Contributed Session 3:  Modeling, Math Biology and Math Finance
Top-down regulation and catastrophic transition in an intraguild predation model driven by IG-prey`s anti-predator nature
Debabrata Mandal
Indian Institute of Technology Roorkee
India
  Co-Author(s):    Sourav Kumar Sasmal
  Abstract:
 

Intraguild predation (IGP) combines predation and competition. The significance of IGP-models in many natural groups is becoming increasingly clear. In these IGP-systems, we sometimes witness a notable ecological phenomenon called top-down regulation, in which predatory activity at a higher trophic level influences the community structure of lower trophic levels. This talk focuses on how the anti-predator behavior of dangerous IG-prey regulates the top-down effect in an ecosystem. To accomplish this, we developed a three-layered IGP-model incorporating the Holling type-I and type-IV functional responses for interactions of shared-prey with their predators and between IG-prey and IG-predators, respectively, along with the anti-predator behavior of IG-prey through direct killing of primarily juvenile predators.

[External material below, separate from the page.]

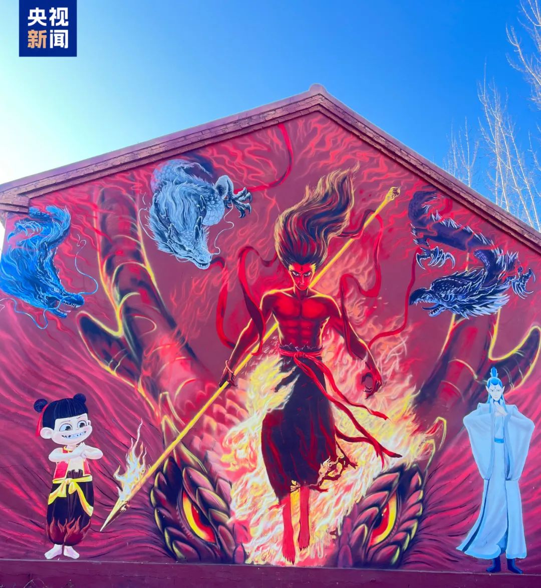 沈靖宇介绍,2019年,他因一句“我命由我不由天”被电影《哪吒》圈粉。“作为年轻人,我希望自己能像哪吒一样,通过努力改变现状。”于是,2025年春节前夕,电影《哪吒2》上映前,沈靖宇参照电影海报,用墙绘的方式为“偶像”助力,也为家乡增添节日氛围。

This study provides adequate requirements for all equilibria to exist and be locally stable for the proposed IGP-model. Sufficient conditions for species persistence and extinction are discussed analytically. Depending on the initial population size, the IGP-model exhibits hysteresis cycle and undergoes a catastrophic shift to extinction of the IG-predators by altering the strength of the IG-prey`s group defense. In a nutshell, our IGP-model fails to show top-down regulation in the presence of the dangerous IG-prey`s anti-predator nature, but in its absence, it does.